Pedro Sánchez, en Baracaldo - EFE

Sánchez agita el fantasma de la extrema derecha para desacreditar la concentración por la unidad de España

El presidente asegura que no aceptará la independencia, tras el frenazo de ayer a las negociaciones con la Generalitat

BaracaldoActualizado:

Pedro Sánchez se ha cobijado entre el socialismo vasco para afrontar la resaca del estancamiento de sus negociaciones con los independentistas catalanes. Un fracaso cuya culpa ha repartido entre la cerrazón del Ejecutivo autonómico y la «deslealtad» de Pablo Casado y Albert Rivera, a los que ha acusado de «radicalizarse» influidos por la «ultraderecha» de Vox. En un acto celebrado en el municipio vizcaíno de Baracaldo, el presidente del Gobierno ha vuelto a defender su proyecto presupuestario, y ha emplazado a los votantes a «tomar nota» de cara a los próximos comicios si finalmente PP y Ciudadanos lo rechazan.

El dirigente socialista tenía previsto acudir a Baracaldo para arropar al candidato a las elecciones municipales, el hasta ahora consejero vasco Alfredo Retortillo. Los acontecimientos que se han sucedido en las últimas jornadas han motivado que sean finalmente los socialistas vascos los que salieran en defensa de Sánchez, que durante su intervención ha exaltado unos Presupuestos prácticamente sentenciados a raíz de las enmiendas de totalidad registradas por PDECat y ERC.

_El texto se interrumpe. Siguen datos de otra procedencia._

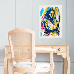 Quadro gravura mulher com raquete - tênis 33x24cm Cor: moldura preta Informações do produto tire todas as suas dúvidas no descritivo abaixo: decoração para quarto, sala, cozinha, escritório, área gourmet e muito mais. Chega de paredes vazias medidas - cada peça tem 33x24cm a4 . Material do papel - papel fotográfico brilhante de altíssima resolução acabamento - todos os quadros são acompanhados de uma película de acetato para proteção da imagem. - os quadros são embalados de forma segura com plástico bolha com camada dupla de acordo com o tamanho dos quadros. Garantia - garantia de 3 meses. Meu quadro chegou. Como posso fixá-lo Você precisa apenas de um martelo e um prego, pois os quadros já vão acompanhados de penduradores. Esta é a forma mais indicada. Caso prefira, você pode utilizar uma fita dupla face neste caso, sugerimos de alta qualidade para evitar que descole e seu quadro caia . Como posso limpar meu quadro A limpeza é feita como um móvel comum da sua casa. Apenas um pano seco ou espanador são suficientes para tal

En cualquier caso, Sánchez ha insinuado a las formaciones catalanas que la puerta al diálogo continúa abierta, pero les ha avisado de que su gabinete no negociará fuera de los límites de la Carta Magna: «Fuera de ella no hay diálogo posible», ha subrayado el socialista, que ha insistido en que la autodeterminación que les exigen los independentistas «no solo no es constitucional, sino que además la sociedad catalana ha dicho de manera reiterada que no quiere independizarse de España».

Sánchez ha comparado el «viaje a ninguna parte» del independentismo catalán con la situación que atraviesa en la actualidad el Reino Unido: «¿Quién ha ganado con el Brexit? Nadie», ha manifestado el presidente, que ha abogado por «trascender la dinámica de bloques» para fomentar el «autogobierno de Cataluña» dentro de una España autonómica. «El debate no es independica si o no, es convivencia sí o sí, y eso solo se consigue respetando la Ley», ha destacado.

Una España «en blanco y negro»

El acto de esta mañana constituye para Sánchez un pequeño oasis entre dos tormentas. La primera se produjo ayer, cuando la vicepresidenta, Carmen Calvo, anunció que rompía las negociaciones con el independentismo catalán bajo el pretexto de que el Gobierno no podía ceder a las presiones para celebrar un referéndum de autodeterminación. La segunda tendrá lugar este mismo domingo, con la manifestación convocada en Madrid por PP, Ciudadanos y Vox en defensa de la unidad de España y para reclamar al presidente la convocación de elecciones generales.

Una concentración que, a su parecer, representa «una España en blanco y negro» y que demuestra la «radicalización» de PP y Cs de la mano de Vox: «Se podrá comprobar mañana», ha insistido.

«Ahora que se identifica el patriotismo con gritar todos los días “viva España”, nosotros lo que decimos es que ser patriota es trabajar todos los días para que en España se viva mejor», ha dicho al respecto un Pedro Sánchez que se ha mostrado muy crítico con los «agravios territoriales» de las formaciones de derecha en Cataluña. «La crisis exige altura de miras por parte de todos —alegó—. Siempre dijimos que el camino del diálogo era el más largo, pero el único posible y transitable».

Por otro lado, Sánchez ha denunciado que la derecha «no quiere que se aprueben los Presupuestos», algo de lo que espera que la sociedad «tome nota» de cara a las elecciones que tendrán lugar el próximo mayo. Al respecto, ha asegurado que su proyecto aborda todos los grandes retos del país, entre los que ha nombrado la educación, el mercado de trabajo, las pensiones, la financiación del Estado de bienestar y el medioambiente. «La política no es solamente crecer, sino redistribuir el crecimiento —ha declarado—. Todos queremos progreso, pero unos lo que quieren es progresar a costa de la mayoría y nosotros no entendemos ese progreso si no es todos juntos».